State v. . Marks

101 S.E. 24 | N.C. | 1919

The defendants were indicted under Rev. 3634, on a charge for kidnapping one Annie Smith, and were convicted of an assault upon a woman. They were sentenced to jail for a period of 15 months and 10 months, respectively, with authority to the county commissioners to work them upon the county roads, and appealed. It appears from the State's evidence that Annie Smith, the girl alleged to have been kidnapped, is something over 25 years of age, and so mentally deficient as to be commonly called an idiot. Her parents were dead, and she lived with two unmarried uncles, near Roanoke Rapids.
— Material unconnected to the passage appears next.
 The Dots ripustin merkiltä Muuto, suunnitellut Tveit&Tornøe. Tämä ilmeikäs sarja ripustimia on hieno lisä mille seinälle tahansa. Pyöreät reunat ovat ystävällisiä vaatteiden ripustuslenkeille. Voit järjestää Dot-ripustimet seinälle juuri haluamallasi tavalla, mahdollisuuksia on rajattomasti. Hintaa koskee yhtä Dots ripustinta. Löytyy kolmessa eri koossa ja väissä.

About 30 July, 1919, the defendants, in an automobile, came to the Smith house ostensibly to get cider, and carried her off about 12 o'clock, and brought her back about 4 p.m. The defendant Marks was over 18 years of age, and married, and Farmer was 38 years of age. *786

There was evidence that while they were in the car one of the men was seen to have his arm around the girl; that Marks and the girl got out of the car and went into a thick piece of woods and stayed awhile; that Farmer was seen lying on the back seat of the car with his head in the girl's lap, and when they came back Farmer jumped out of the car and ran, and one of the unless met Marks at the door and beat him with his gun. The court charged the jury correctly in the language of the statute as to what constituted kidnapping, and stated the contentions of the State and the defendants. He charged the jury: "If these men went to the house, knowing the girl had not sufficient mind to protect herself, with the intention to decoy her away from home, to take her off in the woods, and improperly treat her, that in itself would be such a fraud upon her as would make it immaterial whether she consented to go out or not." and would constitute such a fraud as would meet the requirements of the law as to the crime of kidnapping.
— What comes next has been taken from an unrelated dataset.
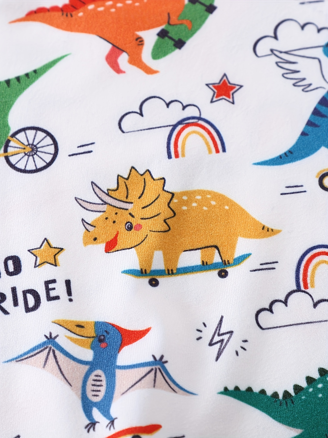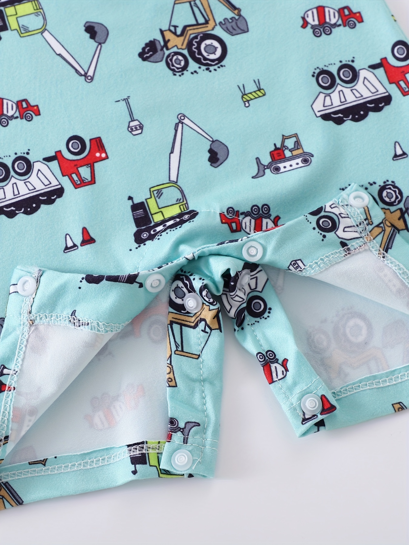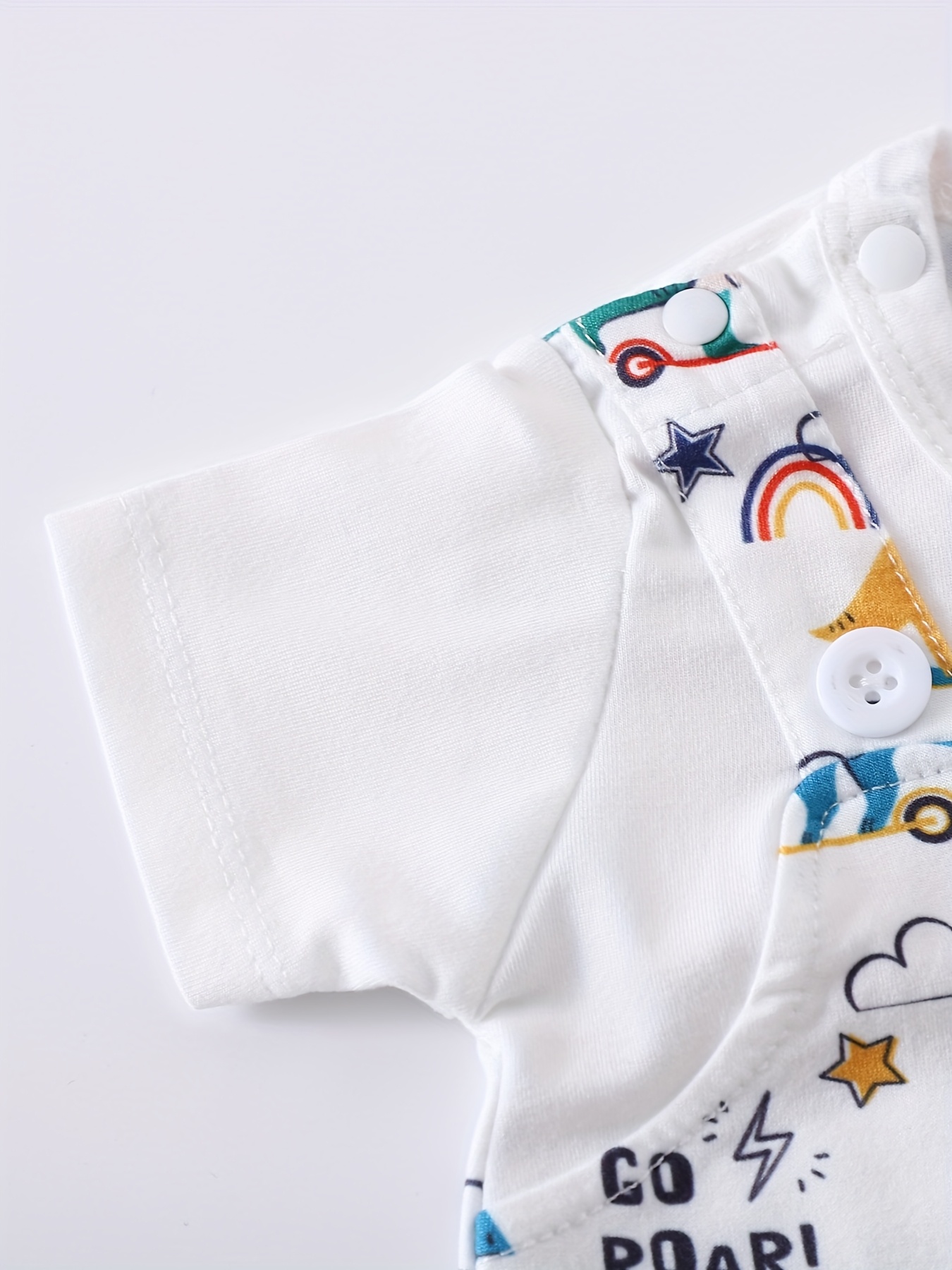 2pcs 2025 Boys' Summer Fashion Casual Short Sleeve Romper with Back Strap Pants and Faux Two-Piece Jumpsuit Dinosaur Excavator Pattern Bodysuits for Ages 0.0-29.53ft, Perfect for Outdoor

The court charged fully upon the crime of kidnapping, and then added: "If the jury find beyond a reasonable doubt that either defendant, knowing the girl to be an idiot, took her away from home, not with a fraudulent intent, but to deprive her natural protectors of her custody and to keep and to restrain her at a place where they could not get her, they could find the defendant guilty of assault upon a woman, he being at the time more than 18 years of age. If either of the defendants did not carry her away and did not aid, abet, or assist the other in carrying her away, the one so taking no part in the matter would not be guilty of anything." The jury found both defendants guilty of an assault upon a woman.

The evidence was amply sufficient to carry the case to the jury. "To constitute the offense of kidnapping, it is not necessary that actual physical force should have been employed. It is essential only that the taking or detention should be against the will of the persons kidnapped. . . . In determining whether the person was coerced by fraud and inveiglement, the nature of the artifice employed (732) and the age and education and condition of mind must be taken into consideration. The offense is not committed if the person taken away or detained, being capable in law of consenting, goes voluntarily without objection in the absence of fraud and deception, but a child of tender years is regarded as incapable of consenting." 24 Cyc. 798, 799.

Rev. 3358, punishing abduction of children, is very similar to the statute in this case, and has been construed in S. v. George, 93 N.C. 567;S. v. Chisenhall, 106 N.C. 676; S. v. Burnett, 142 N.C. 577. In S. v.Chisenhall, in which the facts are somewhat similar to those in *787 this case, Shepherd, J., says: "It is clear that the consent of the child, obtained by means of persuasion, is no defense, since the result of such persuasion is just as great an evil as if it had been accomplished by other means." The same principle applies where the person abducted has not sufficient mental capacity to give consent.

It is not necessary to discuss the other exceptions, though we have considered them. There was no evidence offered by the defendants, and nothing appears in the State's evidence to account for the defendants taking an idiotic young woman from her home, (who could not consent), and keeping her away in the car and in the woods for four hours. It is by no means certain that the jury might not have convicted of the more heinous crime of kidnapping. There was evidence, at least, which might have justified conviction of a still greater offense. S. v. Warren, Ann. Cas. 1912 B, p. 1043, and note on page 149. The jury, however, took the more lenient view of the evidence and convicted them of the lesser crime of assault upon a woman. This was authorized by Rev. 3268; S. v. Smith,157 N.C. 578; S. v. Barnes, 122 N.C. 1031; S. v. Goldston, 103 N.C. 323.

The consent of an idiot could place the defendant in no better position than if the act had been done against her will. "Consent by insane persons and young children incapable of assenting is no bar. In cases of rape this has been frequently adjudicated, and the same reasoning holds good in cases of larceny." I Wharton Cr. Law (11 ed., p. 227); 5 Corpus Juris 743.

No error.

Cited: S. v. Smith, 210 N.C. 65; S. v. Gough, 257 N.C. 353.